The adverse publicity caused Herbalife's income to drop sharply, but the company survived, expanded into many foreign countries, and is now a publicly held corporation. The claims have toned down and several potentially toxic ingredients have been removed.
1995
Most Outrageous: Mushroom tea
Variously called Mushroom tea, Kombucha, Fungus, Kargasok, Manchurian, or Kvass tea, this outrageous brew is made by adding tea, water and sugar to a fermented starter batter of yeast and bacteria. Burning body fat and causing weight loss are only two of some 50 benefits claimed for the tea. Others are curing AIDS and cancer, and detoxifying the body. Many claims relate to looking and feeling younger. "Drink black tea in the morning for energy, green tea in the evening to improve the immune system," advise promoters.
            W'hen an Iowa woman died and another became ill after drinking the tea, the Iowa health department issued a warning. The FDA also warns the mushroom tea may be harmful. AIDS patients, many of whom are drinking the popular tea to bolster their immune systems, may risk most harm, said the National Council Against Health Fraud.
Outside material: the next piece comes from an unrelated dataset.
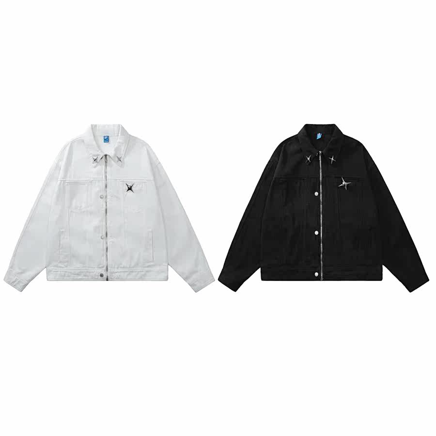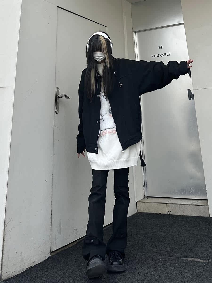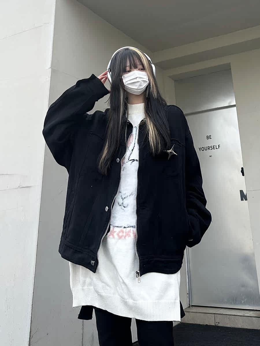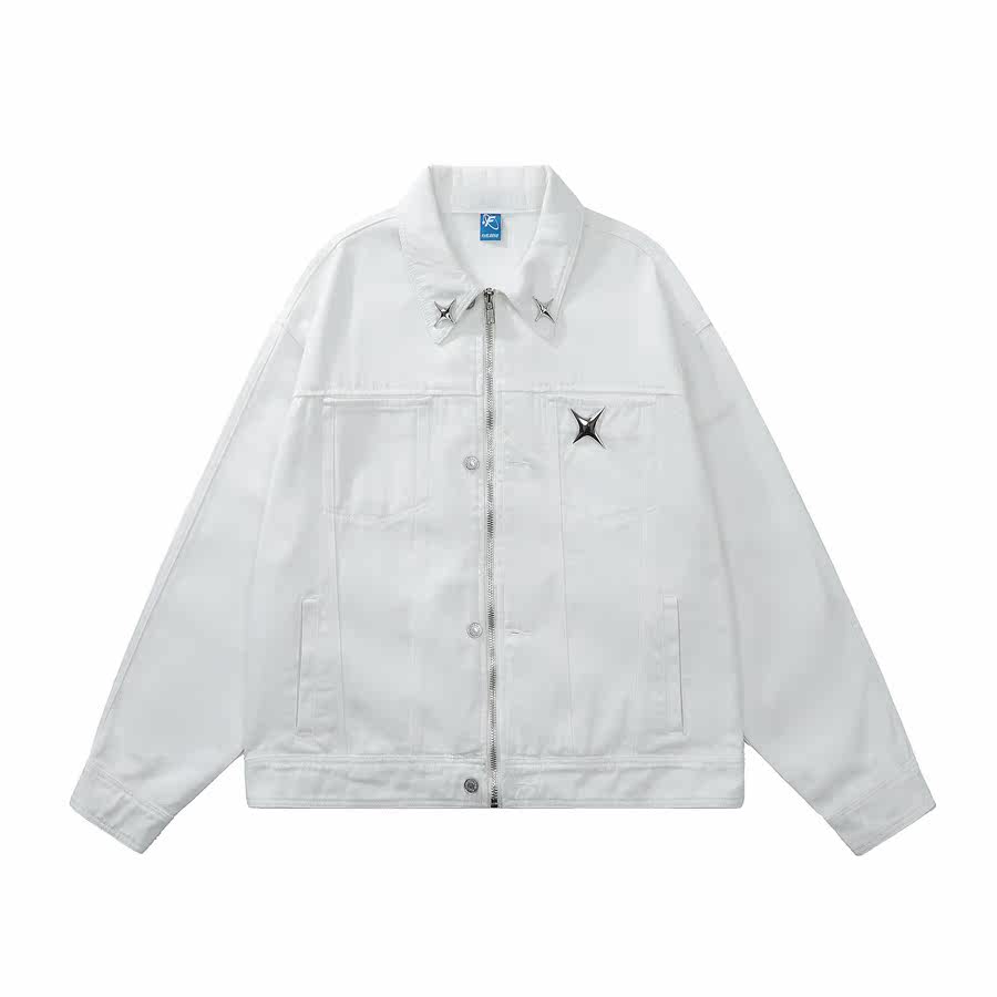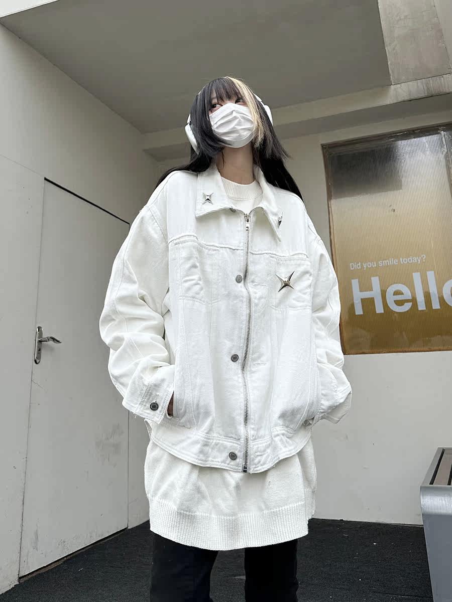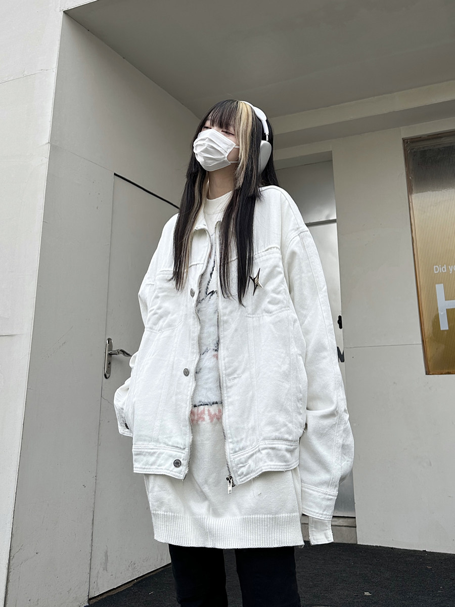 咖哩人春新款美式設計感星星寬鬆街頭牛仔潮外套夾克百搭上衣男女

Worst Gadget: Ninzu ear clips
A device that fits on the ear and is claimed to suppress appetite through acupressure, Ninzu is one of three such gadgets in three questionable companies run by a Baltimore man. Other ear clips promoted by Michael Metzger with similar claims are Auricle Clip and B-Trim. "The proven principles of acupuncture without needles! In just seconds your hunger pains disappear. You eat less, you lose weight quickly. . . It's safe and it works. We guarantee it. Wearing Ninzo for less than 3 hours a day will produce dramatic results." The FTC charges that claims for the three ear clips are false and misleading.
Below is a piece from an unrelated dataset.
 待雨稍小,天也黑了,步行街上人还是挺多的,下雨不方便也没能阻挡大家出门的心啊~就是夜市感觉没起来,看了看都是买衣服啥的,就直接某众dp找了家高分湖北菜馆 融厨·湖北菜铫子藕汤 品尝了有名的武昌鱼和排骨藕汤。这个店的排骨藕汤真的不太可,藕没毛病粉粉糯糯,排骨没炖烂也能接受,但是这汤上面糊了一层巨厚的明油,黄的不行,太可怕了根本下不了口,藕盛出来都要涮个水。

Worst Product: Ephedrine-laced diet pills
Ephedrine is sold legally as a nasal decongestant, even when "asthma" pills are suggestively named Mini Thin. It avoids drug regulation entirely in the form of the Chinese herb ma huang. Two suspected deaths and 37 hospitalizations in Texas resulted in a temporary state ban on the popular ephedrine-containing diet pill Formula One. Herbalife's big weight loss seller Thermojetics, boasting the popular ingredient "Chinese Ma Huang," reportedly brings in 40 percent of the company's U.S. sales, about $70 million. Side effects of the drug are heart damage, stroke, increased blood pres-sure and seizures, especially when abused—and it's clear that diet pills often are abused. In the past two years, FDA reports some 330 adverse reactions to ephedrine-containing products, primarily ma huang, including about a dozen deaths.

 
Worst Claim: Gorayeb Hypnosis seminars
The worst claim of the year promises large, rapid weight loss upon at-tending a single two-hour Gorayeb hypnosis seminar. "You can expect results ranging from 30-60 Ibs. in 3 months to 120 Ibs. in one year." There's more, of course, "No willpower, no hunger, no dieting, just success. Using the power of hypnosis, you will lose unwanted cravings, eliminate the addiction to sweets and break the compulsive eating habit—once and for all. Stop having weight as an issue in your life." In related smoking-cessesation hypnosis seminars, Ronald Gorayeb claims participants will stop smoking without gaining any weight. The Federal Trade Commission called the Gorayeb claims false, misleading and in violation of the FTC Act.